Indonesia has voiced its support for the nomination of Kristalina Georgieva, currently chief executive officer of the World Bank, as the new chief of the International Monetary Fund (IMF) to replace Christine Lagarde.
Maritime Affairs Coordinating Minister Luhut B. Pandjaitan said that for Indonesia, Georgieve would be the right person to lead the IMF because as a Belgian national, she had a good understanding of developing countries.
“In my opinion, as we often met during IMF-World Bank meetings in Bali [in October 2018], she is the right person to become the chief of the IMF,” Luhut said in his office in Jakarta on Tuesday.

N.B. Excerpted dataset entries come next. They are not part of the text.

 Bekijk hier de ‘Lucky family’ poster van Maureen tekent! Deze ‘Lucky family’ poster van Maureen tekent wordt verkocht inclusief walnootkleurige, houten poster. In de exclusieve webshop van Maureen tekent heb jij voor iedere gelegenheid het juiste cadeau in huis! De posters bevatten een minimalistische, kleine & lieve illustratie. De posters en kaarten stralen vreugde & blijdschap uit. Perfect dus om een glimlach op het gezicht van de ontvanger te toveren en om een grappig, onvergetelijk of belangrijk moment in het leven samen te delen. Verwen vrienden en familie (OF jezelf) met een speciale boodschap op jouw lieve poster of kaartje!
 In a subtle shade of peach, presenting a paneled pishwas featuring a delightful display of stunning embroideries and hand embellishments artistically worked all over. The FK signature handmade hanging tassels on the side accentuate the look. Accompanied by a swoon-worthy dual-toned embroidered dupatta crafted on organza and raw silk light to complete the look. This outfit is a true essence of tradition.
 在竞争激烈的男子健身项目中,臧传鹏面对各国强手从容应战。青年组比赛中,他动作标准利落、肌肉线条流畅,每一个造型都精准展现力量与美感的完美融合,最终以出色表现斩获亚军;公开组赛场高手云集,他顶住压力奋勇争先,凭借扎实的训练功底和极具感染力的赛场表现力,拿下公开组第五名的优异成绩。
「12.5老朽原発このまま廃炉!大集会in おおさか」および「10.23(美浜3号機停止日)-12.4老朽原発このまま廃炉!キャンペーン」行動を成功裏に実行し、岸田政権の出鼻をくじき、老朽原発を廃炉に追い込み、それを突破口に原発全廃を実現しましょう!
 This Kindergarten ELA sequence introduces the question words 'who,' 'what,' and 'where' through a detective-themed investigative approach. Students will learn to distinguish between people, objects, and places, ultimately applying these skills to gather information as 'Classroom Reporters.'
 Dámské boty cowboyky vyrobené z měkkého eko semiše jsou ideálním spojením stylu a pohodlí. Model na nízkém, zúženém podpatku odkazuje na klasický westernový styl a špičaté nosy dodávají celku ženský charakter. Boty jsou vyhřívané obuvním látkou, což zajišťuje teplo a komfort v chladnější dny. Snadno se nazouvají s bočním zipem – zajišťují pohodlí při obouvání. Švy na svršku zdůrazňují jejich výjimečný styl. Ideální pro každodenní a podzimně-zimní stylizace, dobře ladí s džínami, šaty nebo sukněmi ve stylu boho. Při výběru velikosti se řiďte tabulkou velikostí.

Luhut described Georgieve as having an attractive personality and a hard worker. With her background as a Bulgarian national, she supports developing nations, he said.
European Union governments picked Georgieva as the bloc’s candidate to lead the IMF after more than 12 hours of talks on August 2, which highlighted the EU’s internal divisions, Reuters reported.
The 65-year-old World Bank chief executive got the backing of a majority 28 EU states, defeating the Dutch candidate Jeroen Dijsselbloem after two rounds of voting and prolonged negotiations.
Georgieva is a center-right politician who grew up in Bulgaria under communism before a career that brought her to the top of the World Bank and the European Commission.
Last month, Lagarde resigned as the managing director of IMF to take on a new role as the next head of the European Central Bank (ECB).